Modiano's most accessible novel

in the Cafe of Lost Youth is definitely Patrick Modiano's most accessible novel, a good place for readers new to him to start. Unlike some of his other novels - all of them short, about 100+ pp - the narrative structure is fairly simple and consistent - four sections, each with a different first--person narrator, that describe life among a group of students and hangers-on in a Left Bank cafe, probably in the 1970s?, w/ a focus on a young woman of mysterious background and, as we learn in the last of the 4 sections, her relationship with another habitue, Roland, who seems to be much like Modiano.
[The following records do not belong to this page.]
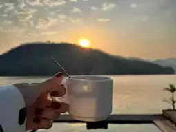 Wake up to fresh air and a light mist over the water, feeling like you've stepped into another world ☁️
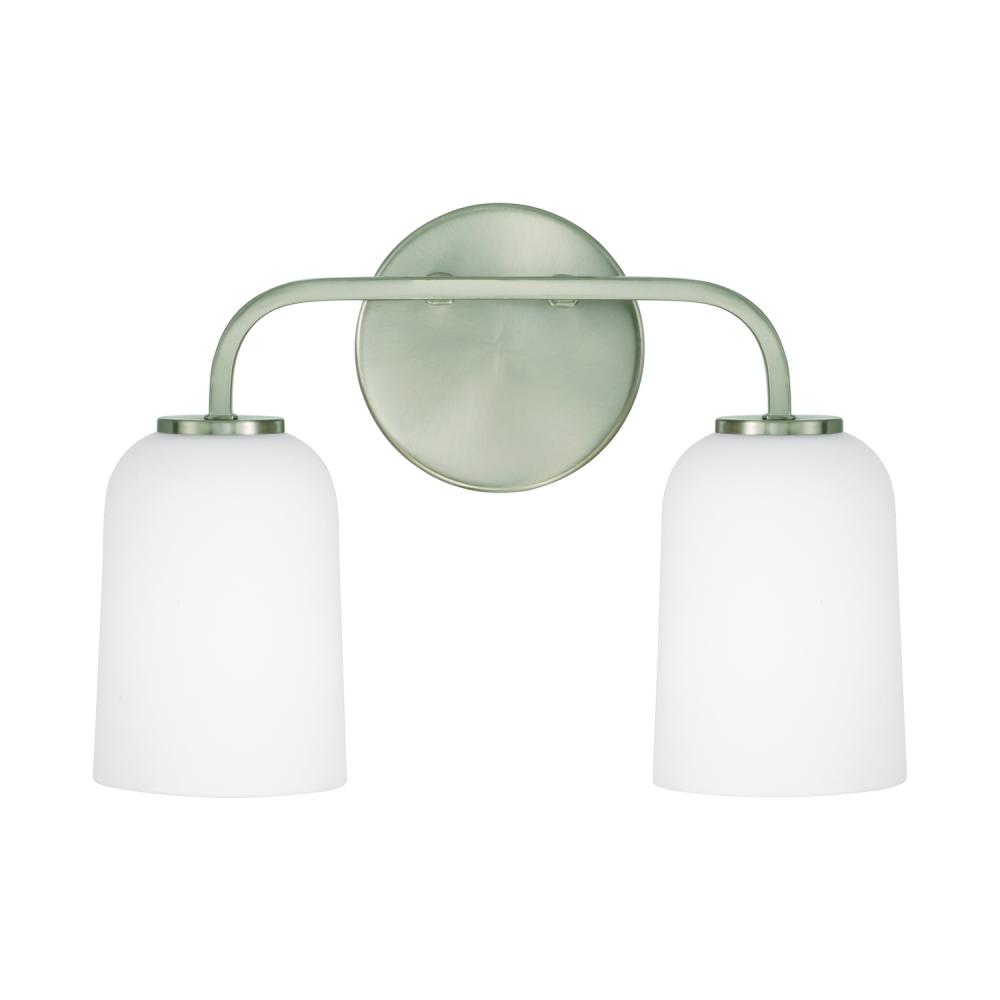 13.75"W x 9.75"H 2-Light Vanity in Brushed Nickel with Soft White Glass
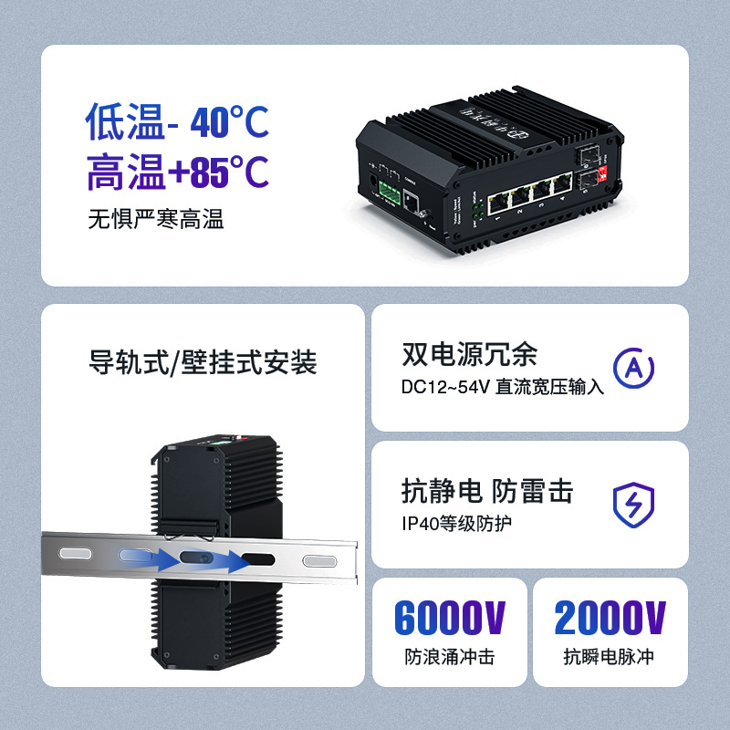 中科光電管理型環(huán)網(wǎng)工業(yè)級以太網(wǎng)交換機 千兆2光4電光纖收發(fā)器轉(zhuǎn)換器DIN導軌式 ZK-7000-23-2GX4GT-SFP
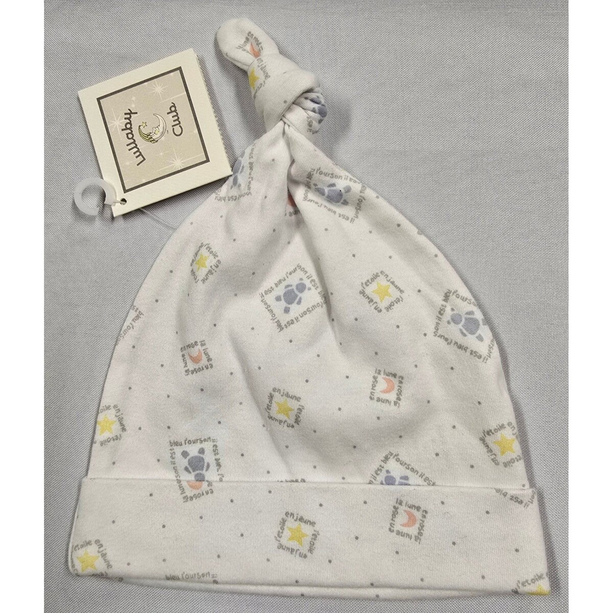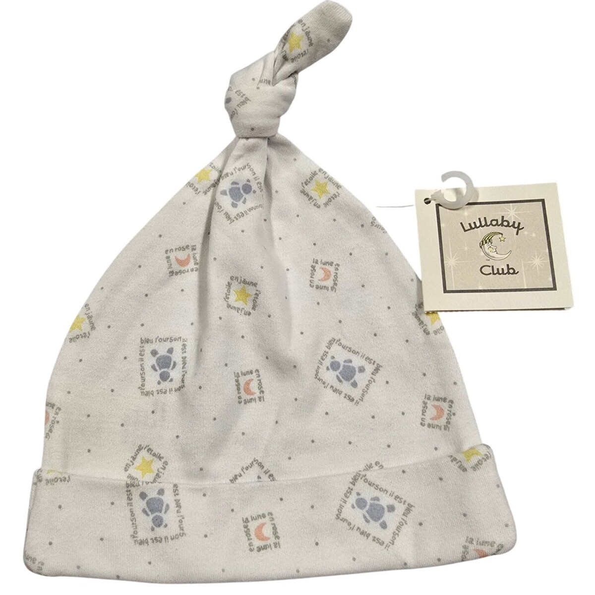 Keywords: baby hat, newborn, infant, cotton, celestial, stars, moon, bear, animal print, gender neutral, baby shower gift, hospital hat, knot top, soft, cozy. retro, deadstock
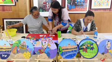 7月3日,工作人员(左)在向参观者讲解一组马可·波罗相关文献资料的展品。
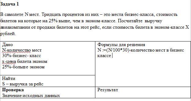 В самолете N мест. Тридцать процентов из них – это места бизнес-класса, стоимость билетов на которые на 25% выше, чем в эконом-классе. Посчитайте выручку авиакомпании от продажи билетов на этот рейс, если стоимость билета в эконом-классе X рублей
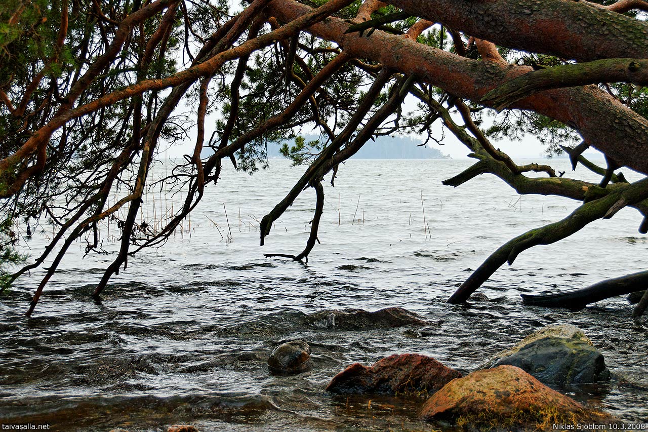 Espoo: Veden ylle kallistunut mänty Espoon Karhusaaressa. Taustalla erottuva saari lienee Korkeasaari, joka on yksi Espoon kaupungin ulkoilualueista.
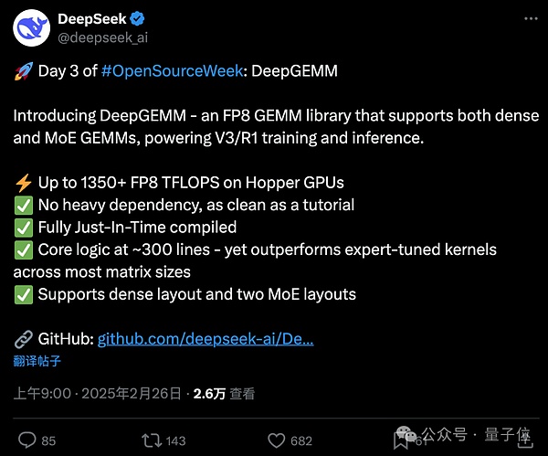 而DeepSeek这次开源的DeepGEMM,依旧是保持了“高性能+低成本”的特性,亮点如下:
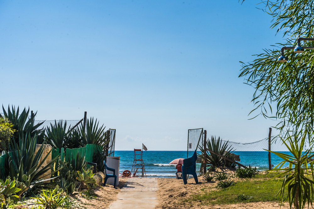 Intimo e colorato albergo 3 stelle a Marina di Ragusa fronte mare con una spiaggia privata attrezzata.
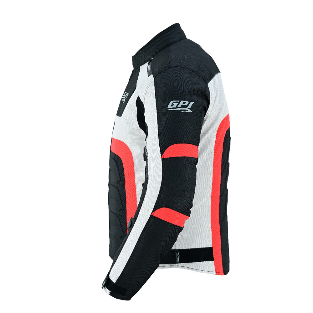 The Black/Beach/Red Motorcycle Jacket by GPI Moto is a waterproof, high-quality, durable jacket. Perfect for all types of weather, the Cordura outer shell is 100% waterproof and windproof. This jacket offers excellent mobility and performs well in any weather conditions!
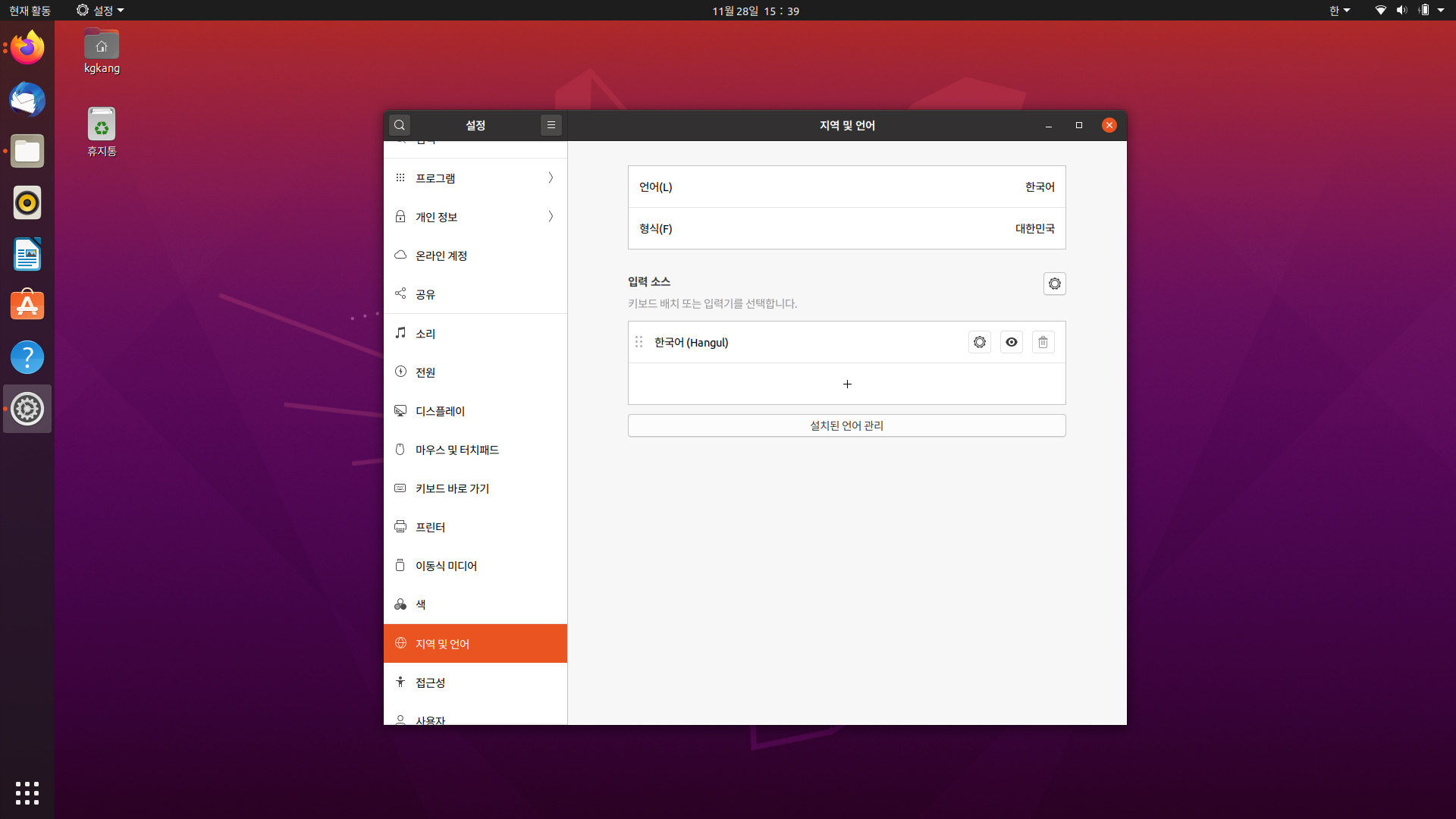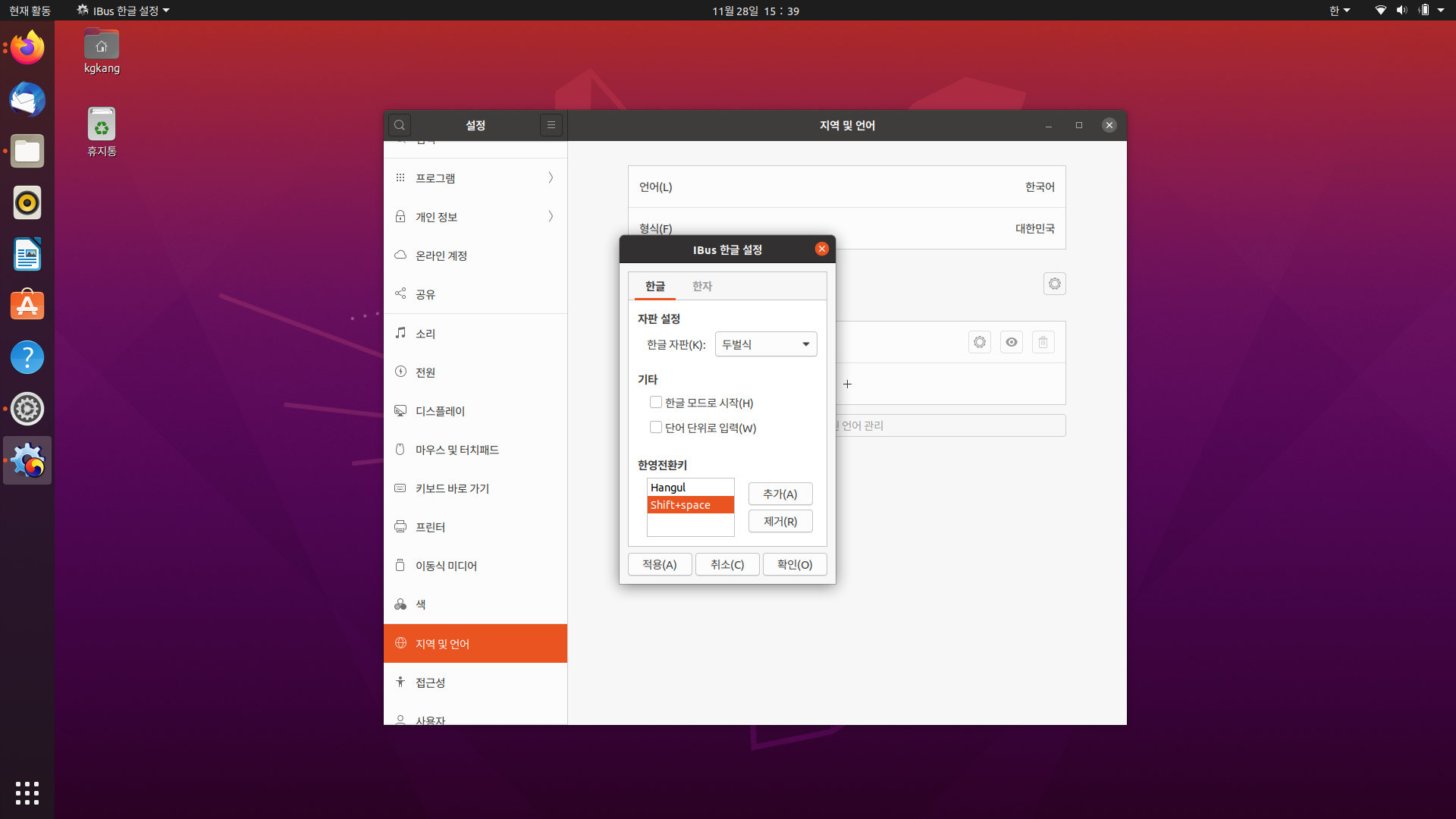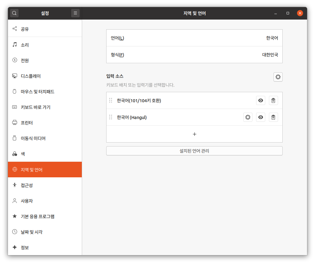 우분투 한글 입력 설정 (우분투 20.04)
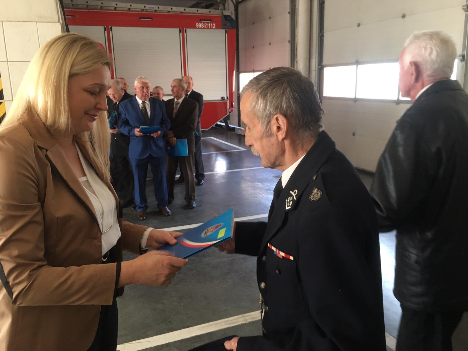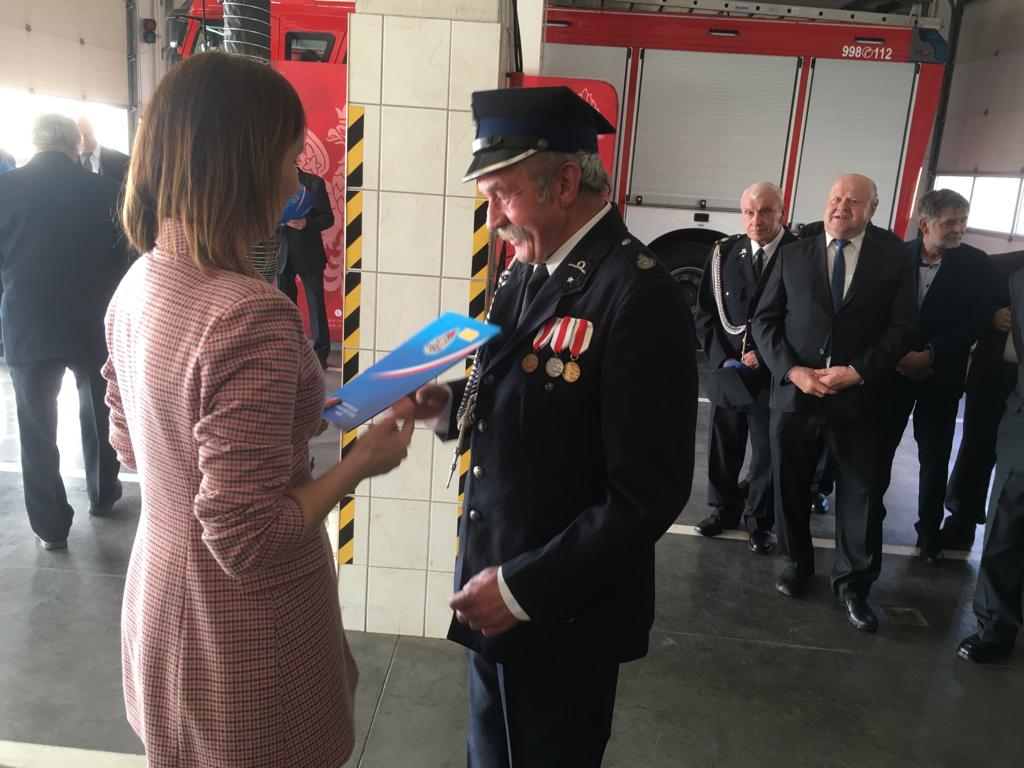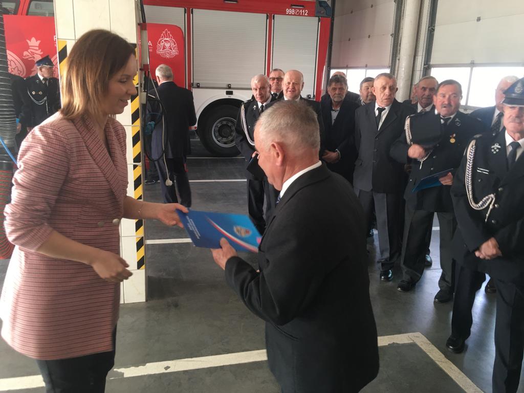 Wręczenia decyzji Komendanta Powiatowego Państwowej Straży Pożarnejw Kępnie przyznających świadczenia ratownicze druhom z terenu poiwatu kępińskiego dokonały Pani Anna Lis przedstawiciel Poseł do Europarlamentu Andżeliki Możczanowskiej oraz Pani Paulina Parzybok przedstawiciel Poseł Katarzyny Sójki.
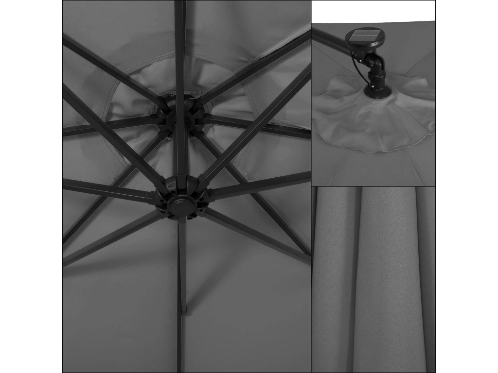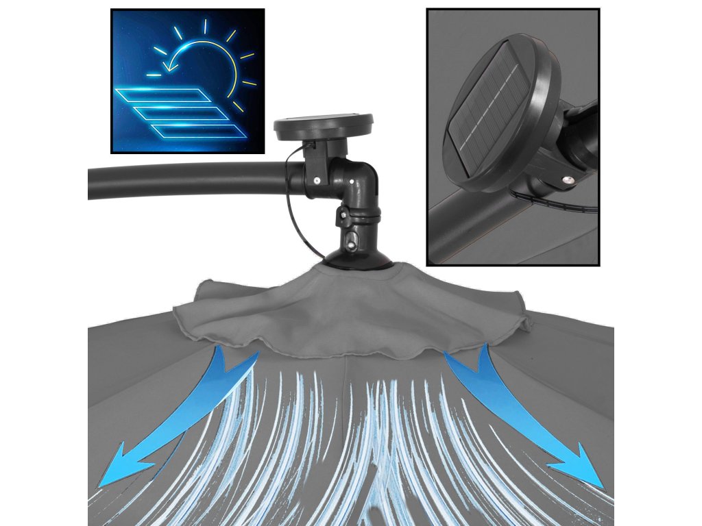 - Panoul solar atașat umbrelei printr-un cablu situat la vârful umbrelei
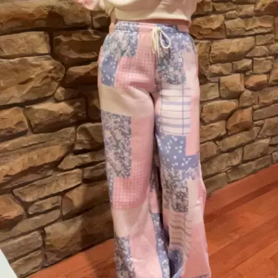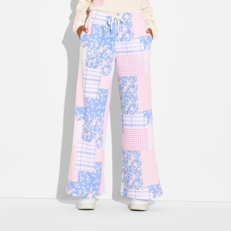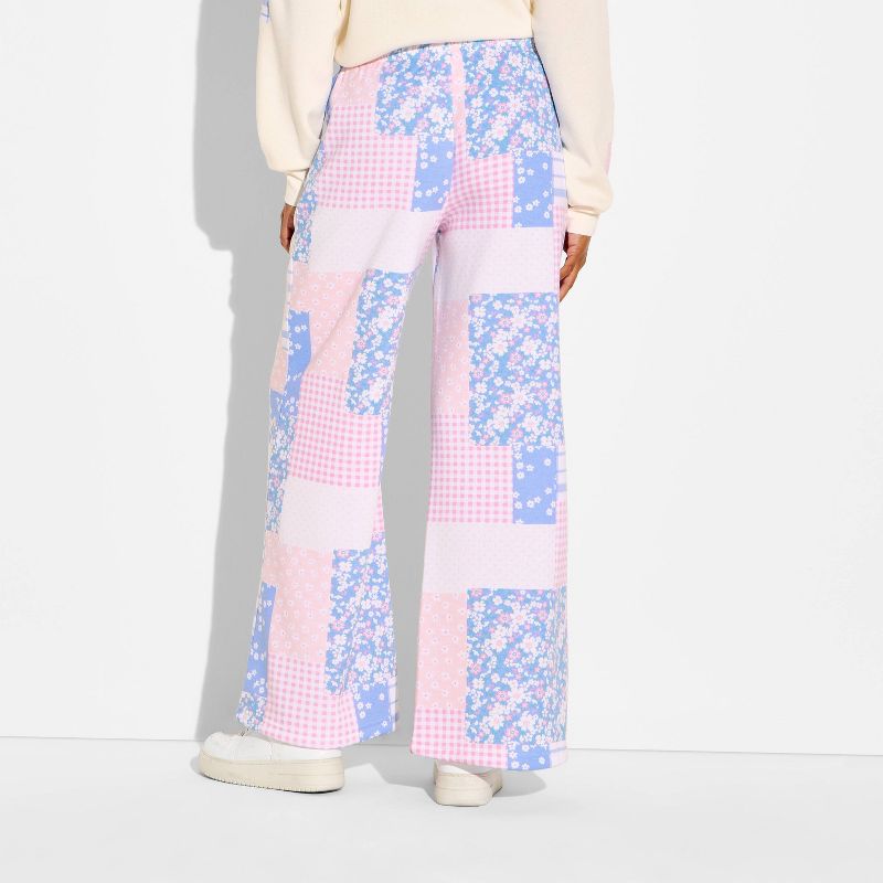 Women's Patchwork Wide Leg Graphic Jogger Pants - Pastels S
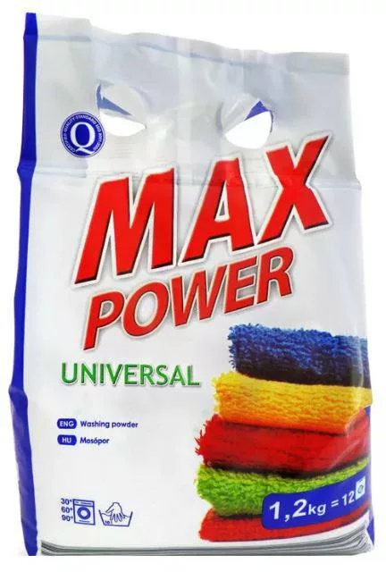 A Max Power márkájú univerzális mosópor kiváló választás mind a kézi, mind a gépi mosáshoz. Eltávolítja a foltokat minden típusú fehér és színes ruhából.
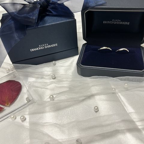 ・自分の指輪 光輝いていて高級感があり、男らしいデザインで 一目惚れして即決でした! デザインも個性がって唯一無認な一品でした ・妻の指輪 プラチナ純度が99%なので高級感があり ダイヤモンドのクオリティが格別!

The first 3 sections are contemporary accounts of the events - the woman (Louki)  leaving her husband, her account of her wayward childhood, the detective's account of his search for Louki - and the last section reflects back on the events for the present (novel written in 2007). The novel does have the familiar Modiano touches, in particular his obsession w/ cafes and nightclubs and w/ off-the-track Paris neighborhoods - in this novel he refers to them as "neutral zones," places where people can hide out and where time seems to stand still. Unlike other Modiano novels, there's no reference to the  Occupation, unless it's very indirect (at first I thought losing Louki was symbolic of the repressed memories of the Occupation, but I now think that's a stretch). Essentially, this narrative is a tragic romance, with a bit nostalgie de bou (do I have that right)?) - several poignant reflections about how neighborhoods have changed, the cafe where the narrator and Louki used to hang out is not a boutique leather shop - so typical of revitalized and sanitized and over-priced cities.